La découverte du cadavre momifié d'un prétendu centenaire mort depuis trois décennies a déclenché une enquête à travers tout le Japon pour recenser les doyens âgés de plus de cent ans, dont une douzaine au moins sont portés disparus selon la presse.

L'archipel compte plus de 40 000 centenaires sur une population de 127 millions d'habitants, qui bat des records de longévité: 86,44 ans en moyenne pour les femmes, premier rang mondial, et 79,59 ans pour les hommes, cinquième rang.

L'opinion publique a été choquée d'apprendre que parmi ses doyens, certains ont apparemment disparu sans que leurs enfants, ni leurs voisins ne s'en aperçoivent ou ne le signalent.

Ainsi, les services sociaux de Tokyo ne retrouvent pas la trace de Fusa Furuya, considérée à 113 ans comme la doyenne de la capitale.

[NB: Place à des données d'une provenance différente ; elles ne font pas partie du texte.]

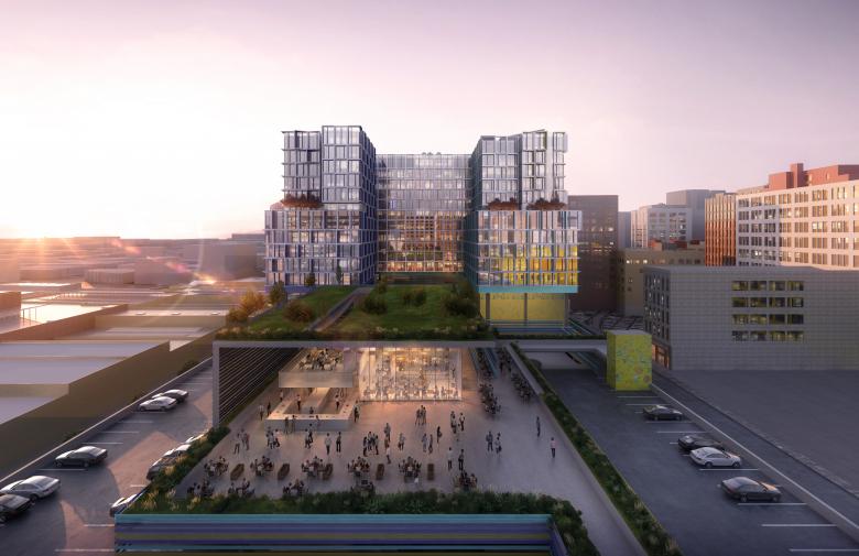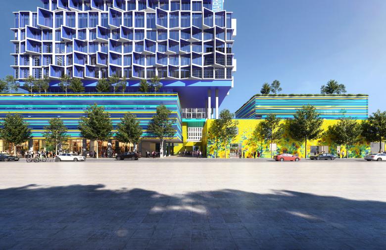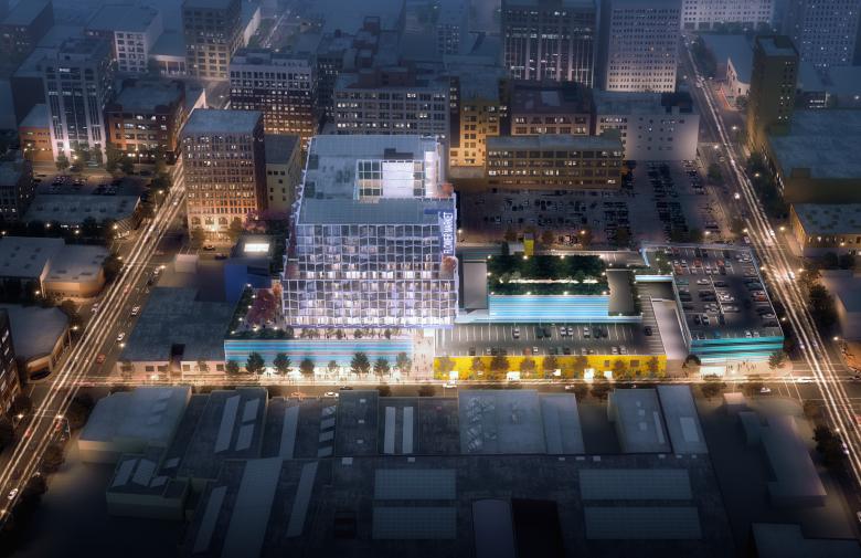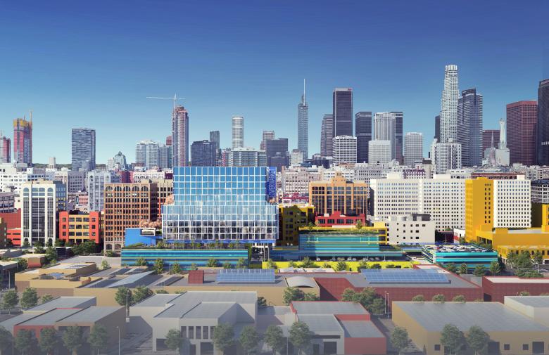 The Flower Market was founded in 1909, by Japanese-American flower growers, and harkens back to a time when the city had a significant agricultural component. The 568,000 sq. ft. $170 mil. development is scheduled to be completed in 2022 . It was first opened downtown in 1914 and then in 1923 moved to its current location at 7th and Wall Street. Ownership is through a consortium of families (a shareholder collective) that have a small stake in the business. Many of the shareholders are descended from the vendors who founded the market more than a century ago. The collective aspect allowed the Japanese American business owners to band together and have a stronger voice, and to help survive challenges such as those that occurred during World War II, when tens of thousands of Japanese Americans were placed in internment camps after the bombing of Pearl Harbor. The shareholders envision a project that will preserve and retain the historic Flower Market and also transform it for the next 100 years. The current space is a bustling marketplace where vendors sell flowers wholesale and retail, mainly in the early morning hours and consists of two two-story buildings on a nearly four-acre site. The existing buildings that they are operating out of are outdated and in need of "constant repair." Having been at the current location for almost 100 years, the facilities are in need of constant maintenance. Looking to the future, the Flower Market’s owners have embarked on a redevelopment and addition to their physical plant which entails the adaptive reuse of one building and the addition of new parking, commercial space and 323 dwelling units in a 15-story concrete frame residential tower. Next to the residential tower, the upgraded market building would have space at street level for flower vendors to continue their sales operations, plus parking and office space above that. Amenities, including a public event space, will be located on top of the renovated building’s parking space. Dwelling units consist of traditional loft-style design with open floor plans and flats; all units have views to towards the city to the north and south. The exterior of the structure is skinned in a corrugated aluminum screen which will be anodized bright blue, yellow and green, honoring the beauty of the flower itself and will create a beacon for this part of the city. The renovated concrete building will be covered in flower-themed murals. The building will be both performative (environmentally efficient) and beautiful.
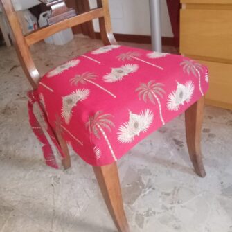 Il copri sedia su misura è una soluzione elegante quando si desidera proteggere la seduta senza rinunciare allo stile. In questo caso abbiamo creato una copertura personalizzata utilizzando un tessuto decorativo oggi non più disponibile, scelto per valorizzare l’ambiente e rendere la sedia più raffinata.

Sa fille de 79 ans affirme n'avoir plus eu de relations avec sa mère depuis plus de 20 ans.

Les journaux ont de leur côté procédé à leur propre recensement à travers tout le pays et ont mis en évidence la disparition d'au moins 12 centenaires, selon le quotidien Asahi Shimbun, 15 selon le Yomiuri Shimbun, voire 18 selon le Mainichi.

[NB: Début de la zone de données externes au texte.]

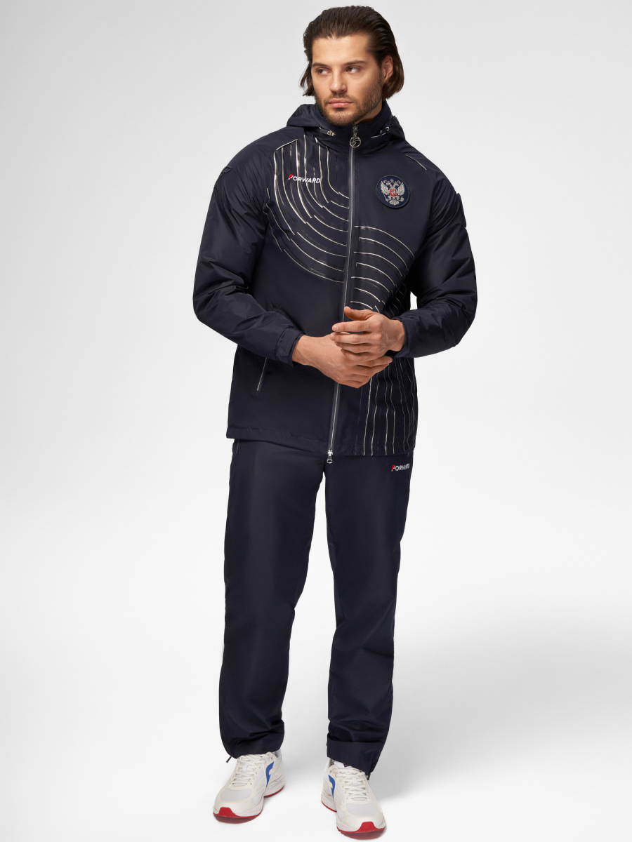 Куртка прямого силуэта на подкладке. Воротник стойка с карманом для капюшона на молнии. Полочка с центральной застежкой молнией. Боковые карманы прорезные с застежкой молнией. Рукава покроя Реглан с отрезными манжетами на эластичной тесьме и патами. Куртка с вентиляцией в области проймы на молнии. В швах проймы светоотражающие элементы. Низ изделия с эластичным шнуром и фиксаторами. Нанесения на куртке: Жаккардовый шеврон «Герб РФ», жаккардовый шеврон «Флаг РФ, RUSSIAN NATIONAL TEAM», вышивка «FORWARD», 3D вышивка «F», принт «Трек», принт «Мы вместе. Спорт». Брюки слегка заужены. Боковые карманы прорезные на молнии. На задних половинках брюк, под коленями, светоотражающие элементы. Пояс с эластичной тесьмой. Ширина пояса регулируется шнуром, вложенным внутрь. В боковых швах, по низу брюк выполнены разрезы с тесьмой молнией, шнуром и фиксаторами. Нанесения брюки: Вышивка «FORWARD», принт «Мы вместе. Спорт», принт «Трек». Состав: ткань верха 100% полиэстер, подкладка сетка: 100% полиэстер
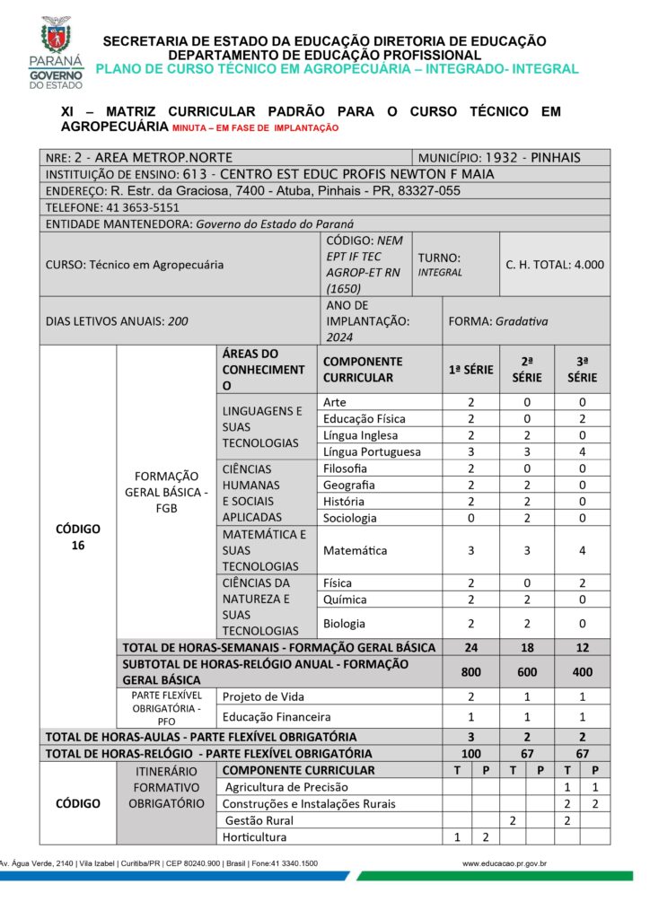 Técnico em Agropecuária – 3 Anos – MATRIZ
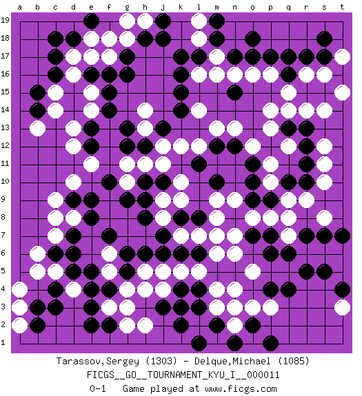 Last move : 0-1 2009 March 20 11:12:9 [Event "FICGS__GO__TOURNAMENT_KYU_I__000011"] [Site "FICGS"] [Date "2008.12.01"] [Round "1"] [Black "Tarassov,Sergey"] [White "Delque,Michael"] [Result "0-1"] [Rating 1 "1303"] [Rating 2 "1085"] 1.q16 d4 2.q4 d16 3.q10 d10 4.k4 k10 5.k16 h4 6.h10 k12 7.j13 j12 8.h12 h13 9.g13 h14 10.k14 h11 11.g12 g11 12.f14 e11 13.g16 e15 14.f15 e14 15.e13 d13 16.e12 d12 17.j10 j11 18.j7 j9 19.h9 k9 20.h8 j5 21.k6 k5 22.l4 l5 23.l8 k7 24.k8 j8 25.h6 l7 26.l6 m7 27.j6 m6 28.m5 m8 29.d6 c5 30.f4 h5 31.g6 f5 32.g5 g4 33.e5 f3 34.e4 g3 35.e3 m4 36.n5 m3 37.c3 c7 38.c6 b6 39.c4 b5 40.d5 r6 41.r5 r9 42.r10 p11 43.m10 m9 44.o10 p10 45.p9 q9 46.r7 p8 47.o9 s10 48.r11 s11 49.r12 o8 50.l11 l12 51.m12 s12 52.r13 m13 53.n12 l14 54.k15 n13 55.j3 k3 56.l3 l2 57.k2 j4 58.k3 h2 59.m2 n2 60.l1 n3 61.f2 g2 62.e2 o5 63.n1 o1 64.o2 m1 65.c17 d17 66.n1 n4 67.p1 s6 68.q6 q7 69.p7 q8 70.p6 t3 71.o7 n6 72.s5 t5 73.s7 t6 74.t7 s8 75.t4 o12 76.o11 p13 77.n8 n9 78.q13 p14 79.p12 q12 80.n15 p16 81.p17 q15 82.r15 r16 83.q17 r14 84.s15 q14 85.c16 c15 86.b15 c14 87.b14 b13 88.d18 e18 89.c18 f17 90.g17 g18 91.h18 s16 92.d7 c8 93.e9 d8 94.e8 f6 95.f7 h19 96.j18 o16 97.n17 n16 98.o17 m16 99.s17 s14 100.r17 t15 101.f16 m17 102.j19 g19 103.m18 a2 104.b2 a3 105.b3 a4 106.d9 c9 107.f10 l18 108.m19 l19 109.o18 n7 110.e16 e17 111.e19 f18 112.l17 l16 113.k17 t17 114.s18 g10 115.g9 p3 116.p4 o3 0-1 Here are the names of the openings (joseki) played in the four corners : Corner d16 : d16 j13 Hoshi (Hwajeom, Seongjeom, Xingwei`) 4-4 Point. The star or hoshi (4-4) point, emphasizing influence at the potential expense of territory. Corner q16 : q16 p11 Hoshi (Hwajeom, Seongjeom, Xingwei`) 4-4 Point. The star or hoshi (4-4) point, emphasizing influence at the potential expense of territory. Player White won this Go (weiqi, baduk) game. Follow this game move after move (download)The monkey jump is worth eight points. (Anonymous) Whatever you do, don't be bored. This is absolutely the most exciting time we could have possibly hoped to be alive. And things are just starting. (From movie Waking life)
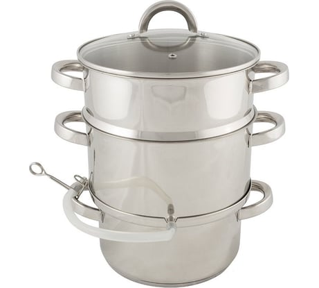 Ранее у меня была алюминиевая соковарка, но алюминиевую посуду не рекомендуют ставить на стеклокерамическую плиту, типа оставляет белые следы, поэтому отправил её на дачу на газовую плиту, а также в ней плохо входили секции одна в другую и вынимались т.д. У этой соковарки всё отлично. Хороший размер дна под комфорку, нержавейка, большой объем емкости для яблок/груш/ягод - 8л, можно ставить на стеклокерамику, секции хорошо и легко входят одна в другую и легко вынимаются, прозрачная крышка, нормальная отводная трубка и ее фиксатор, однозначно рекомендую.
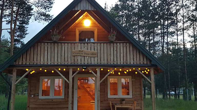 Das Ferienhaus Pod Czarnym Dzięciołem bietet Übernachtungsmöglichkeiten mit einer privaten Terrasse und einem Whirlpool. Gäste können den Garten, Grillmöglichkeiten und eine Sonnenterrasse nutzen. Die Unterkunft ist vielfältig ausgestattet und bietet heimelige Annehmlichkeiten wie einen Spielplatz für Kinder.
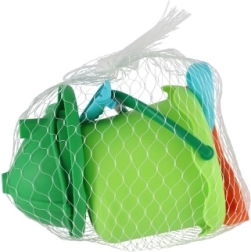 Леката и издръжлива пластмасова изработка е проектирана за ежедневна игра навън. Комплектът е идеален за пясъчника, градината и морето, а благодарение на мрежестата опаковка лесно го носите навсякъде със себе си. Страхотен избор за деца от 3 години, които искат да развиват фантазията и моторните си умения по време на игра на чист въздух.

Uniquement à Tokyo, où quelque 2 500 habitants ont dépassé le cap des cent ans, neuf personnes âgées de 102 ans et plus sont portées manquantes, ont souligné les journaux.

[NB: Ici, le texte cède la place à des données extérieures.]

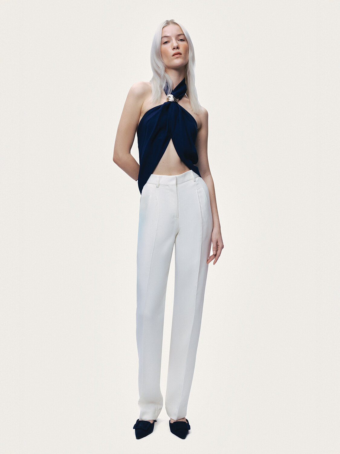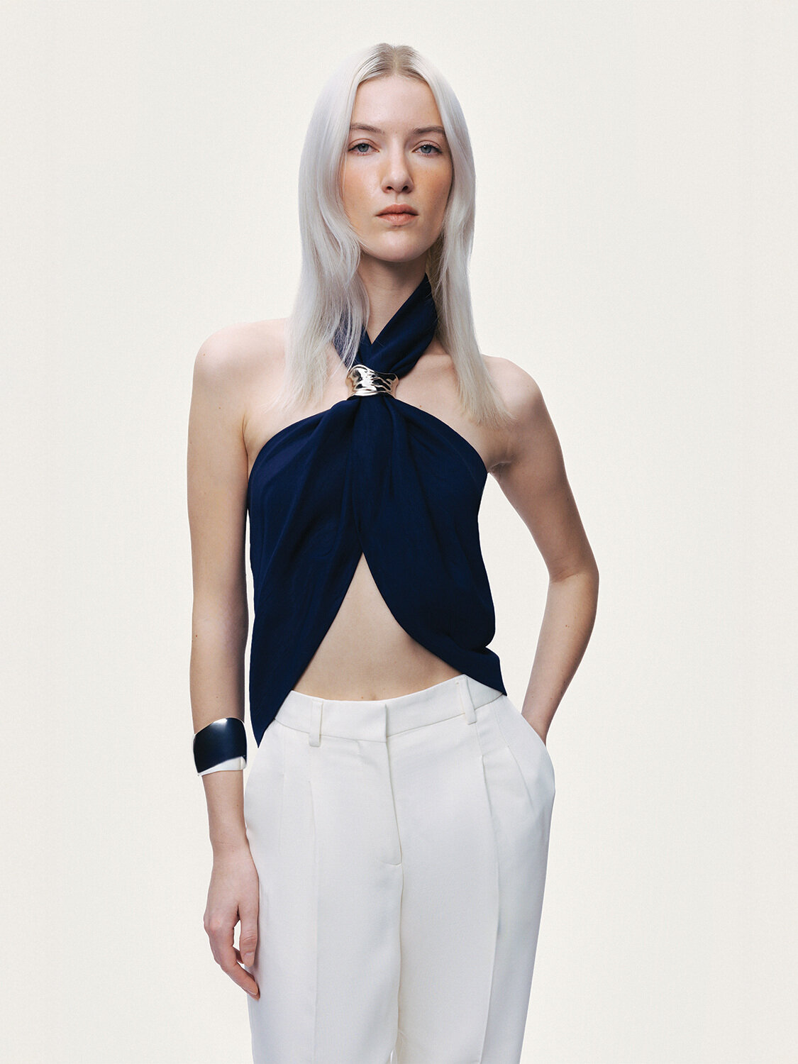 Regular fit kesimiyle vücuda konforlu bir şekilde oturan bu büstiyer, astarsız dokuma yapısıyla hafif ve rahat bir kullanım sunar. Kolsuz tasarımı ve sırt dekoltesi feminen bir duruş kazandırırken, boyundan bağlama detayı modele zarif ve şık bir hareket katar. Çıtçıt kapaması sayesinde pratik bir kullanım sağlayan bu parça, günlük kombinlerden özel akşam stillerine kadar sofistike ve dikkat çekici bir görünüm yaratmak isteyenler için ideal bir seçimdir.
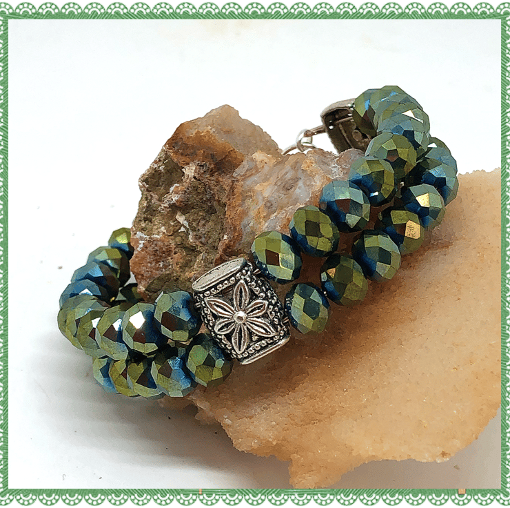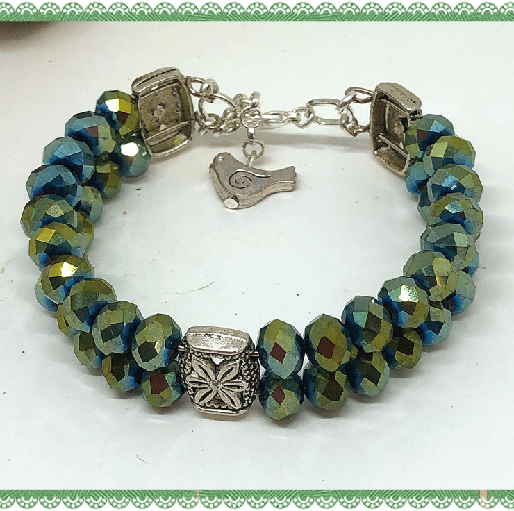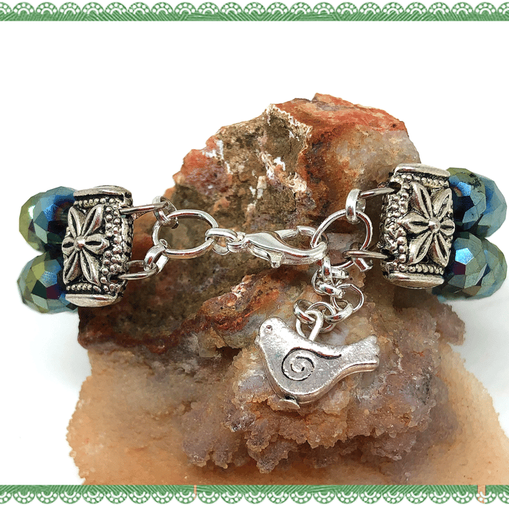 Created using metallic green faceted rondels threaded onto memory wire, Tibetan silver double connectors, trigger clasp with extension chain finished with a a bird charm. Nickel free adjustable.

La frénésie médiatique a débuté la semaine dernière après une découverte macabre au domicile d'un habitant de Tokyo, censé être à 111 ans le doyen de la capitale.

Les fonctionnaires de l'arrondissement venus le féliciter le jour de son anniversaire ont eu des soupçons après avoir été éconduits par sa petite-fille de 53 ans affirmant que le patriarche ne voulait voir personne.

La police alertée a découvert le cadavre momifié de Sogen Kato gisant sur son lit, à côté de journaux dont le plus récent datait de 1978.

La famille a affirmé aux enquêteurs qu'il s'était cloîtré dans sa chambre il y a plus de 30 ans, en observant un jeûne afin de devenir un «Bouddha vivant». La police a ouvert une enquête pour fraude, la pension du retraité ayant continué d'être versée pendant toutes ces années.

Ce genre de faits divers n'est pas rare au Japon, où le gouvernement a délégué aux municipalités et aux services sociaux de chaque localité le soin de recenser les centenaires, avec des méthodes qui diffèrent selon les endroits, a expliqué un responsable du ministère de la Santé.

«Dans une petite ville, c'est plus facile de s'occuper d'eux en leur rendant visite. Mais dans des zones urbaines plus importantes, les services concernés se contentent souvent d'un coup de téléphone pour demander à la famille si leur parent ou grand-parent est toujours en vie», a-t-il dit.

À Tokyo, les responsables d'arrondissements se plaignent du fait que les familles empêchent souvent les travailleurs sociaux de voir les personnes âgées, a relevé le quotidien Yomiuri Shimbun.

Ces affaires mettent également en lumière une nouvelle tendance de la société japonaise où de nombreux adultes, souvent sans travail, s'incrustent chez leurs parents.

«Il existe un nombre croissant de foyers au Japon où les enfants vivent aux crochets des parents et dépendent donc de leurs pensions», a expliqué le professeur Yasuhiro Yuuki, expert des questions de protection sociale à l'université Shukutoku.

«Les enfants disent qu'ils prennent soin de leurs parents, mais en fait, ils ne font que dépenser leur retraite.»